The Campbell Academy Blog

Changes

Written by Colin Campbell | 17/11/22 18:00

One of my oldest (Nottingham based) friends in the world came to the clinic the other day.

Phil Hollows, who taught me how to be a surgeon back in the 90’s and went on to be what I would consider to be one of the finest surgeons I’ve ever seen, brought his daughter to the practice for a filling.

Phil is retired but we had a cup of tea and a conversation about what it was like when we hit the ground running in the Queen’s Medical Centre in Nottingham in 1995.

Phil had just returned from his medical training in plastics, general and neurosurgery and I had just arrived from Glasgow in a second-hand car with my whole life in it to a city that I knew nothing about.

One of the things we were reminiscing about was working with a consultant surgeon called Mike Bromige who had been an institution in Nottingham maxillofacial surgery for years.

Mike was a singly qualified (dental) surgical consultant who did mostly wisdom teeth and canine exposures and a little bit of cleft repairs at second stage when kids were aged 12 or 13.

He would do fractured mandibles and zygomas but nothing more complicated than that although he was really, really brilliant with his hands and could repair orbital flaws in mid-third factures.

The thing about Mike was he had a wonderful life.

A really healthy and well sustained private practice, top consultant salary and not really a load of sh*t that people currently have to deal with.

When I think back on Mike’s life, he was coming to the end of his consultant job when I worked there, he was from another era.

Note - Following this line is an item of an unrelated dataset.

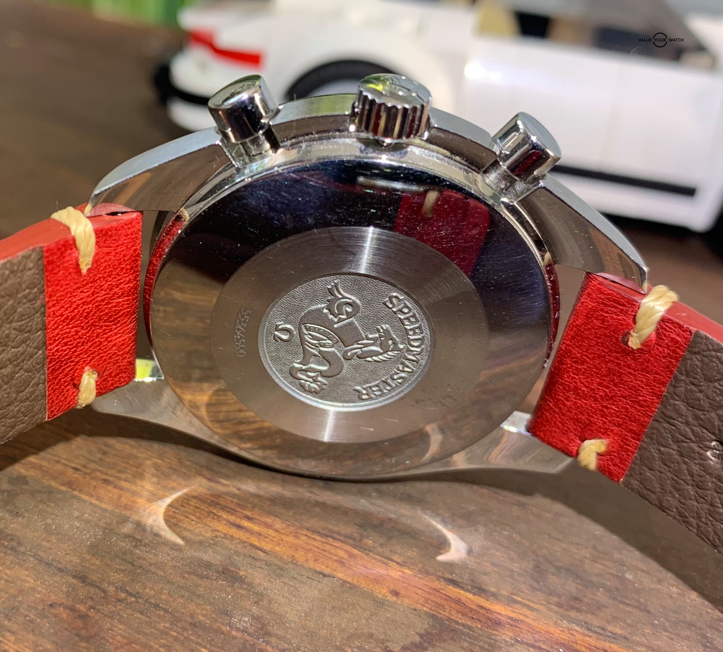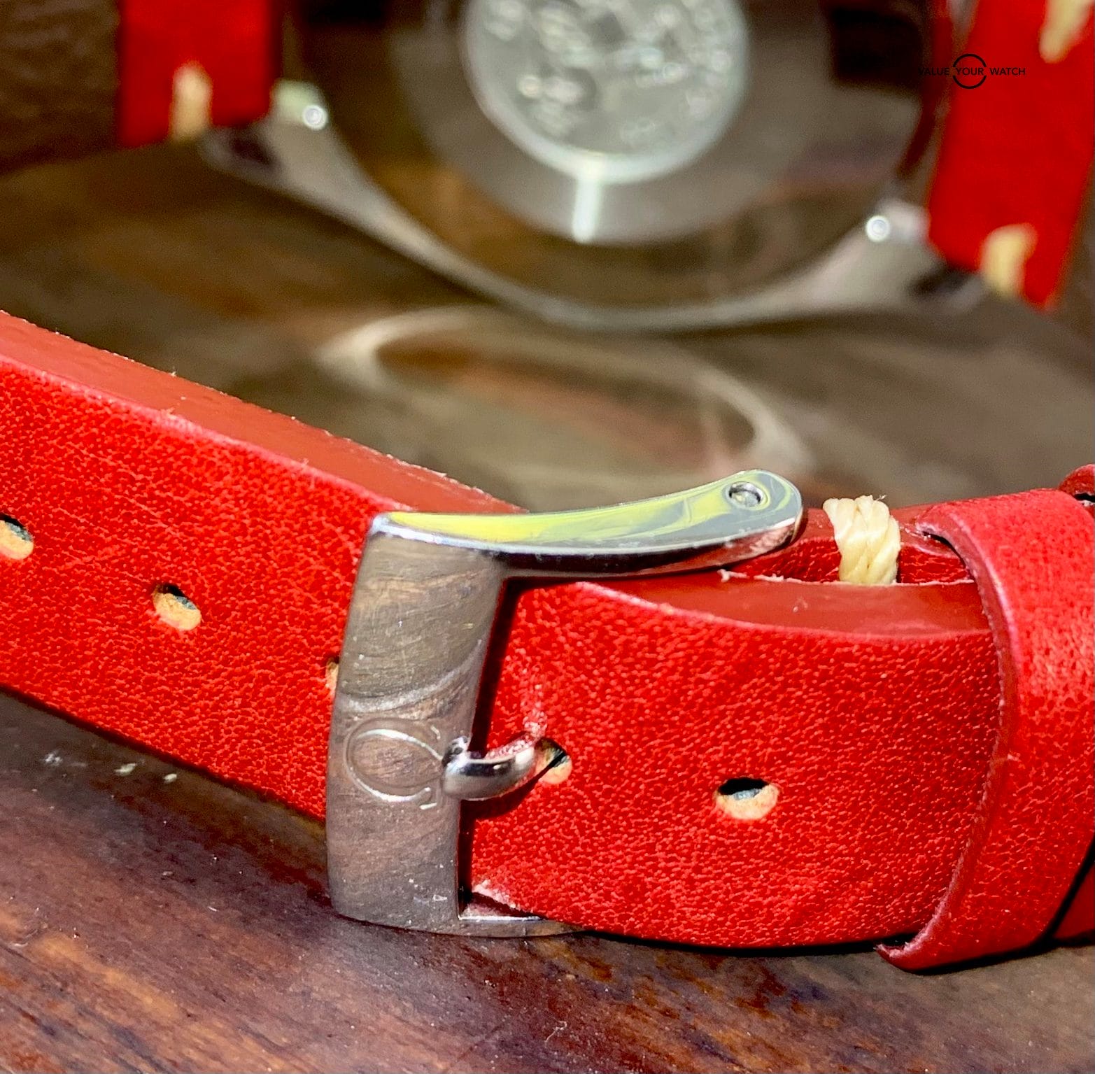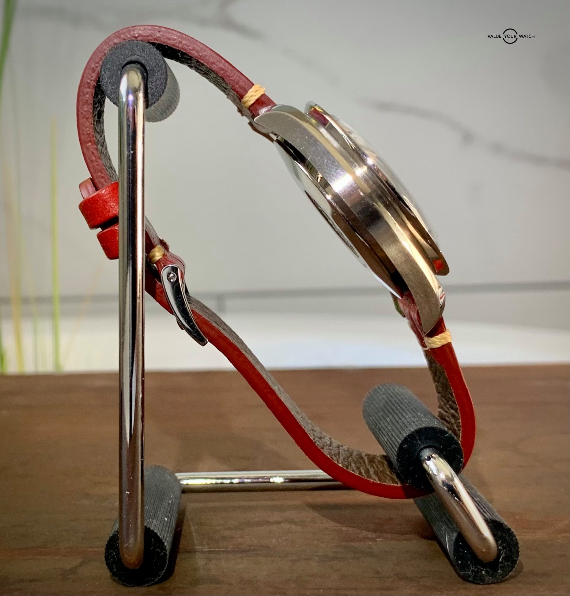 The Omega Speedmaster Michael Schumacher LE run of this watch was in the late 90s and most of the complete kits have all but disappeared. Our offering is almost a complete kit as it is just missing the warranty card. The watch comes with Outer box, Inner F1 tire box, and instruction manual, and warranty card. To sweeten the deal we have included an uncle seiko 1171 bracelet to go with the already beautiful Red leather strap!!

He was very well respected for the work that he’d done over the years and very, very experience in his field, but it wasn’t particularly complex.

There was no digital, no email, no video conferencing and no real sign that the general medical council or the general dental council would come anywhere near you unless you were the most terrible person in the world.

You came to work, got respected because you did that job, and then went home to do all the wonderful things you did with all the money that you had and the respect that you had and the time and the peace that you had.

How different the world is now?

By the time Phil finished his maxillofacial job (pretty much in the same post as Mike) they were CAD/CAM designing titanium frameworks to screw free flaps onto for cancer reconstruction and providing distraction osteogenesis procedures to regrow mandibular defects.

I think we can now see why people are losing their minds.

Mike’s job didn’t change a massive amount over the last 20 years that he worked, but in the most recent 20 years it’s changed exponentially.

It’s fine to ride the wave of change but only a little one and really only one at a time.